Challenges and How We Address Them
Loneliness and Isolation
Remote work can be isolating, especially for extroverts and people living alone. We address this through regular social calls, encouraging co-working sessions (virtual and in-person where possible), and checking in with team members individually to ensure they feel connected.
Overwork and Burnout
When your office is your home, the boundaries between work and personal life blur. We encourage team members to set clear working hours, take regular breaks, and use their vacation time. Leadership models these behaviors — if the founders are online at midnight, the team feels pressure to do the same.
Time Zone Coordination
With team members in different time zones, finding meeting times can be challenging. We solve this by defaulting to asynchronous communication and limiting synchronous meetings to core overlap hours. Most collaboration happens through pull requests, Slack threads, and documented discussions that team members can engage with on their own schedule.

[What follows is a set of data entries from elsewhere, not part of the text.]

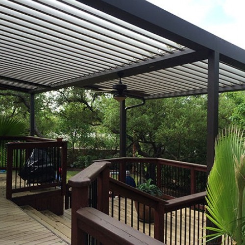 Another excelent product for patio covers is the Equinox Louvered Roofs. The Equinox Louvered Roofs are versatile, solar-powered and motorized adjustable patio cover. They are a perfect combination of style and function to complement your outdoor living space. They resist 98% of the sun’s dangerous rays and are waterproof. You can slect from 4 powder coated frame finishes. The Equinox Louvered Roof is solar powered for the energy efficiency and ease of operation and is the only louvered roof company that provides a lifetime warranty.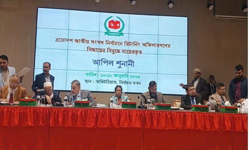শুনানিতে প্রধান নির্বাচন কমিশনার এ এম এম নাসির উদ্দিন ও চার নির্বাচন কমিশনার এসব আপিল আবেদন শুনে নিষ্পত্তি করছেন। এসময় ইসি সচিব আখতার আহমেদ ও আইন শাখার কর্মকর্তারা উপস্থিত ছিলেন।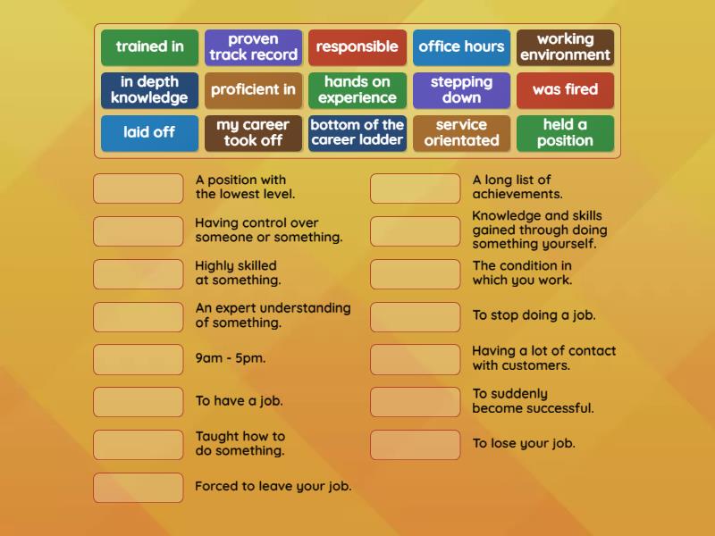 proven track record - A long list of achievements., proficient in - Highly skilled at something., service orientated - Having a lot of contact with customers., trained in - Taught how to do something., in depth knowledge - An expert understanding of something., responsible - Having control over someone or something., office hours - 9am - 5pm., held a position - To have a job., laid off - To lose your job., was fired - Forced to leave your job., my career took off - To suddenly become successful., hands on experience - Knowledge and skills gained through doing something yourself., working environment - The condition in which you work., bottom of the career ladder - A position with the lowest level., stepping down - To stop doing a job.,

The future of work is not about where you sit — it is about what you produce. Remote-first companies that invest in communication, tooling, and intentional culture will outperform office-bound competitors in attracting talent, reducing costs, and delivering results.
Looking Forward
The pandemic accelerated remote work adoption by years, and there is no going back. The companies that will thrive in the post-pandemic world are those that treat remote work not as a compromise but as a competitive advantage. At StrikingWeb, remote-first is not a pandemic response — it is a core part of who we are and how we deliver excellent work for our clients.